** The data follows **

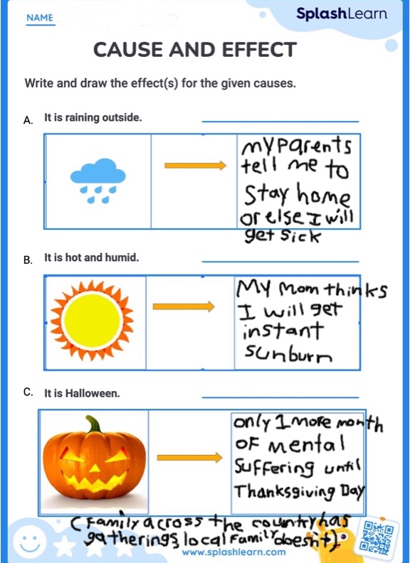 Topic: I filled in a kid's worksheet on cause and effect
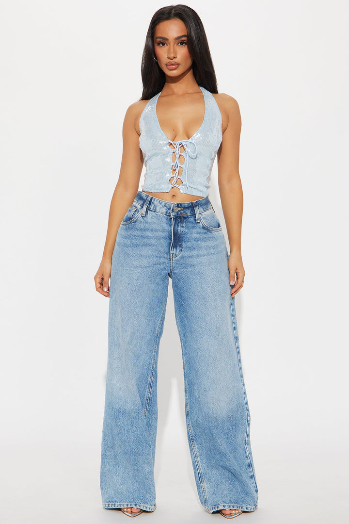 Available In Light Blue And White. | Halter Top | Lace Up | Sequin | Stretch | Self/Lining: 100% Polyester | Imported
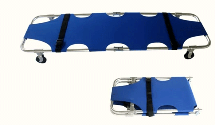 本產(chǎn)品又名擔(dān)架、折疊擔(dān)架、鋁合金擔(dān)架、鋁合金折疊擔(dān)架、簡(jiǎn)易擔(dān)架等。擔(dān)架面采用藍(lán)色牛津革面制成,使病員躺臥更舒適。采用一端兩輪一端兩支撐腳設(shè)計(jì),在人手不夠的情況下抬起支撐腳一端即可轉(zhuǎn)移病人。支撐腳及腳輪可折看收納,使用更方便。本產(chǎn)品配備兩根安全綁帶,保證運(yùn)輸途中病人的安全
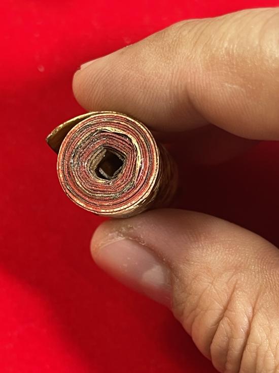 ตะกรุดใบลานเก่า มีจารอักขระไม่ทราบที่ครับ |
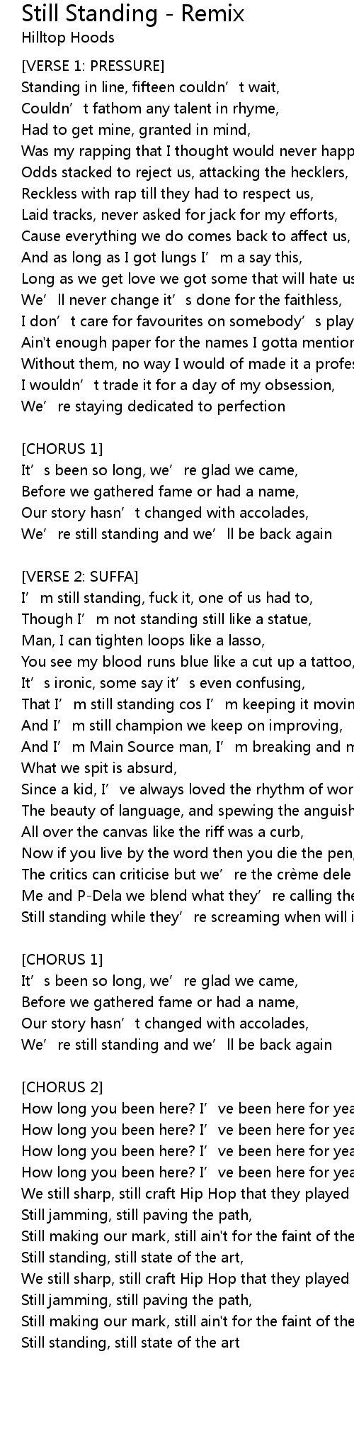 | That I' m still standing cos I' m keeping it moving, | |
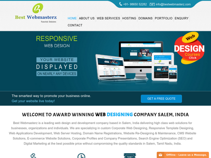 Best Webmasterz is a leading web design and development company based in Selam, India delivering high class web solutions for businesses, organizations and individuals.
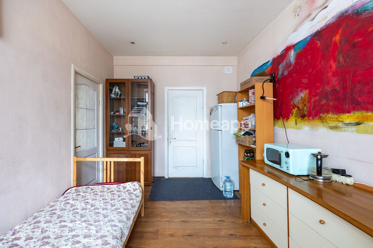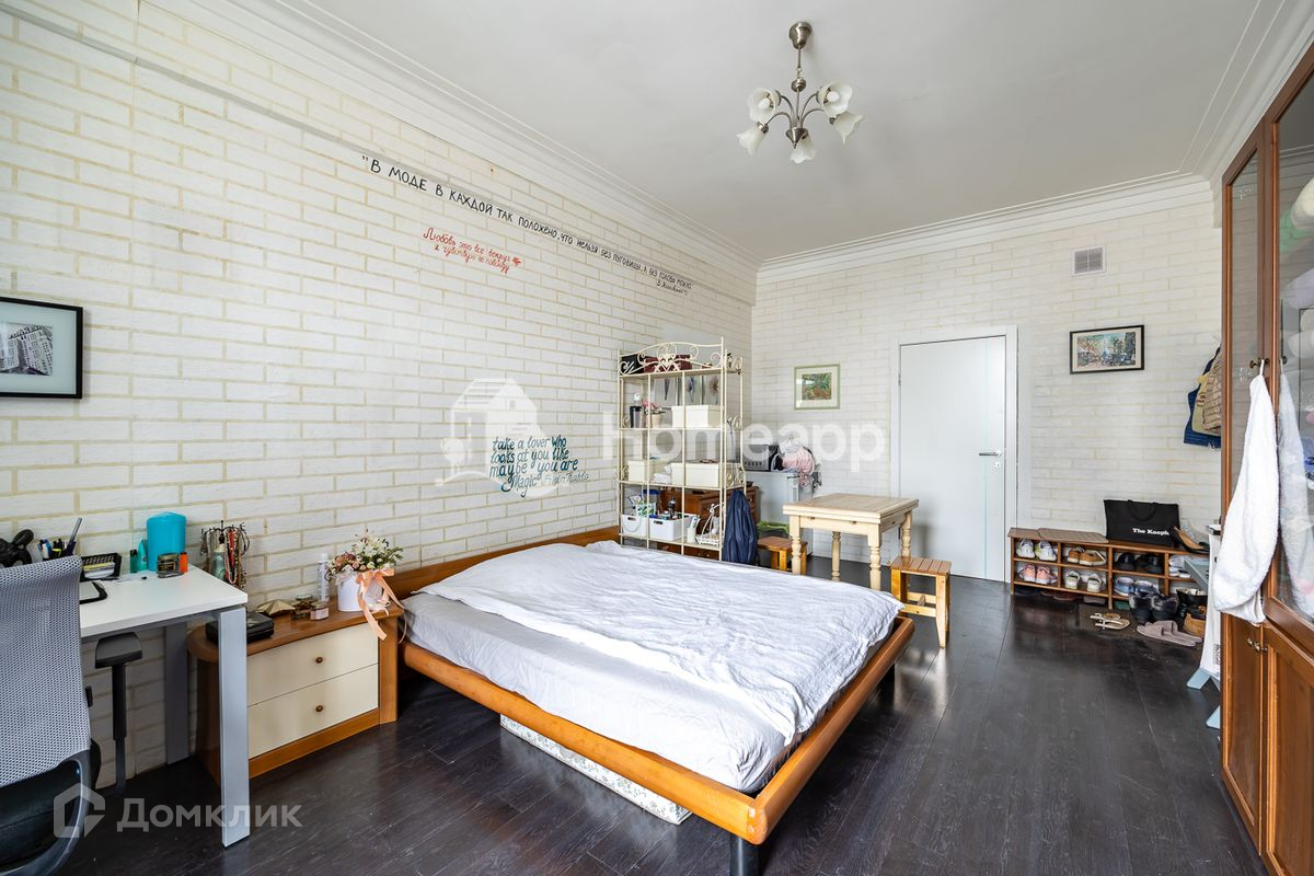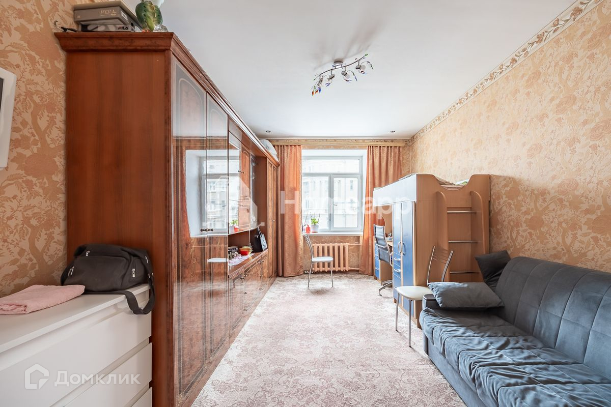 Согласно планировке в квартире 4 изолированные комнаты: 19 м², 21 м², 23 м² и 14 м², кухня 9 м², 2 санузла, кладовая. Комната 23 м² поделена на 2 помещения, поскольку имеет 2 окна, поэтому в данный момент квартира состоит из 5 спален. В одной из комнат французский балкон. Установлены пластиковые окна. Ремонт - косметический. Квартира меблирована как на фото. Мебель остаётся или вывозится по согласованию с покупателем.

** End of The data **

▶ [Brief]:
Pictures must be left out. Repeat exactly the lines from the one containing "Best Webmasterz is" through the final line of the data.

▶ [Answer space]:
 Best Webmasterz is a leading web design and development company based in Selam, India delivering high class web solutions for businesses, organizations and individuals.
 Согласно планировке в квартире 4 изолированные комнаты: 19 м², 21 м², 23 м² и 14 м², кухня 9 м², 2 санузла, кладовая. Комната 23 м² поделена на 2 помещения, поскольку имеет 2 окна, поэтому в данный момент квартира состоит из 5 спален. В одной из комнат французский балкон. Установлены пластиковые окна. Ремонт - косметический. Квартира меблирована как на фото. Мебель остаётся или вывозится по согласованию с покупателем.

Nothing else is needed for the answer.